Deep Libertarian Confusion

December 29th, 2009 | Category: Undergraduate Education

Writing for Positive Liberty, libertarian D. A. Ridgely critiques “That Old College Lie,” an article I recently wrote for Democracy arguing that the key to holding down college costs in the long run is to increase transparency in the higher education market. Says Ridgely:

I think Carey has a point regarding the data resulting from various recent attempts at objectively measuring academic achievement at the university level, the point being that such data should be available for public consideration. But I mean “should” in the sense that the schools should as an ethical matter release the information, not that government should require its release. And, of course, I disagree completely with Carey’s calls for more government spending and more government regulation of higher education.

I have a fair amount of sympathy for the libertarian perspective. But stuff like this makes me wonder if they’re putting me on.  I was under the impression that libertarians see the world as properly consisting of autonomous individuals and corporations acting out of pure self-interest–that indeed, the most famous libertarian of the 20th century developed a whole philosophical system premised on the notion that selfishness and ethical behavior are the same thing. Yet here’s Ridgely saying that colleges should choose to release potentially embarrassing information that self-interest currently leads them to hide, for “ethical” reasons. I thought that was supposed to be the opposite of ethical? It’s almost as if libertarianism as currently practiced by the likes of Ridgely is less a coherent way of thinking about balancing state and individual power and more a way of dressing up reflexive anti-government thinking in the trappings of philosophy…

Meanwhile, Andrew Gelman provides a thoughtful take here. He disagrees with my critique of universities as insatiable revenue-gathering and spending machines:

I agree that this describes colleges…But doesn’t it really describe almost anybody? I mean, who among us, Ubs excepted, figures out how much money they needs to spend and then goes and gets it? The much much more common pattern, I think, is that people get what jobs they can do and, ideally, want to do, and then if they need more money, sure, they try to get more. But when people make more, they tend to spend more and feel the need for even more, etc. I don’t see at all what’s special about universities here–this just seems like a cheap shot to me. Universities are like other organizations: they’re happy to take money that people are willing to give to them. I mean, I don’t see Apple saying, “Hey, we have enough money–we’re gonna give out i-pods for free.”
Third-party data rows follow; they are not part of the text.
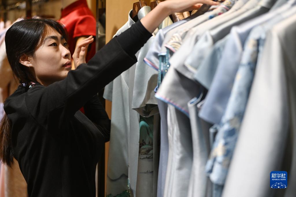 这些师傅中既有50多岁的非遗传承人,也有毕业不久学服装设计的大学生。他们在保留传统案工、手工缝制的基础上,注重融入创新元素,使得老美华的产品在推陈出新的同时兼顾传统之美。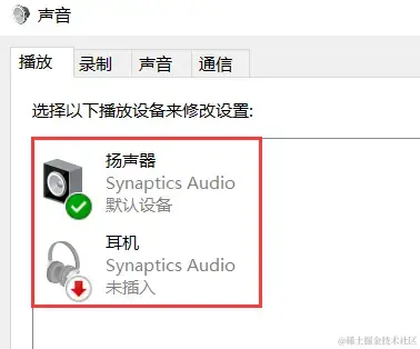 第3步:在播放窗口,查看是否正确选择了要使用的声音设备。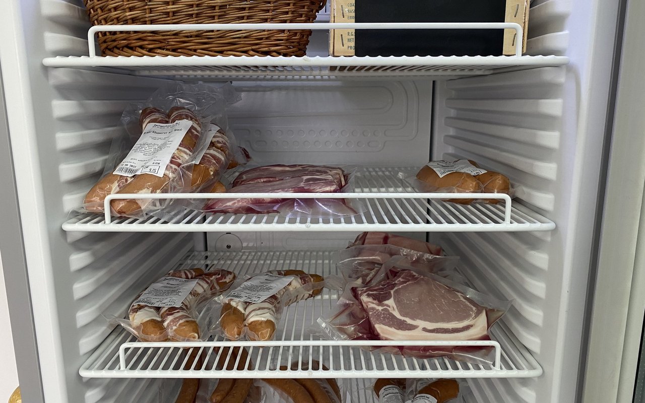 Neben der auffälligen Fellzeichnung und ihrer Feinfühligkeit zeichnet sich die Südtiroler Rinderrasse durch spezielles Fleisch aus. «Es ist butterzart, eiweissreich, cholesterinarm und mit Fett schön durchzogen», so die Beschreibung von Monica Graf. Bevor sie und ihr Mann die ersten Pustertaler Sprinzen gekauft haben, bestand die Thurgauerin darauf, solches Fleisch selbst zuzubereiten. Das Ergebnis überzeugte sie davon, dass es sich bei diesem Produkt um etwas Besonderes handelt. Daher verkaufen Grafs Würste, frisches und tiefgefrorenes Fleisch der männlichen Pustertaler Sprinzen auf dem Bacheschüürli ausschliesslich im Hofladen – auch wenn die Direktvermarktung wegen des grossen Aufwands für sie nicht rentabler sei, als der Verkauf der Grauvieh-Kälber als Natura-Veal. Das Pustertaler-Fleisch gehöre aber nicht in den Detailhandel, wo es nicht als Spezialität wahrgenommen wird.

Sure, but the difference is that nobody actually needs an iPod, so there’s no public interest in keeping the price of iPods below the market rate in order to maximize iPod use. By contrast, the majority of people really, really need a college education. And the people who need it most are those who lack family resources and other forms of financial and social capital: low-income and first generation students who are most sensitive to rising higher education prices. That’s why colleges receive hundreds of billions of dollars in direct and indirect public subsidies every year, while Apple is left to fend for itself. So when colleges increasingly turn to students as way to sate their bottomless hunger for resources (or when state legislatures do it as a way of raising taxes without raising taxes), it’s a big problem.

Posted by Kevin Carey at 3:04 pm | Tags: , , , , , | 3 Comments

3 Responses to “Deep Libertarian Confusion”

  1. James says:

    Most libertarians are not objectivists, while many are utilitarians who don’t hold self-interest as sacred.

  2. Thom says:

    Isn’t the similarity between an education and an iPod that no-one knows you need one until after you’ve got one?

  3. D.A. Ridgely says:

    Oddly enough, I have a hard time taking Ayn Rand as “the most famous libertarian of the 20th century,” however close Rand’s objectivism is in many respects to mainstream libertarianism. But if one’s understanding of libertarianism is so limited as to wonder why a libertarian might argue on either or both consequentialist and deontological grounds, “it’s almost as if [progressivism as understood by the likes of Carey] is less a coherent way of thinking about balancing state and individual power and more a way of dressing up reflexive anti-libertarian thinking in the trappings of philosophy.”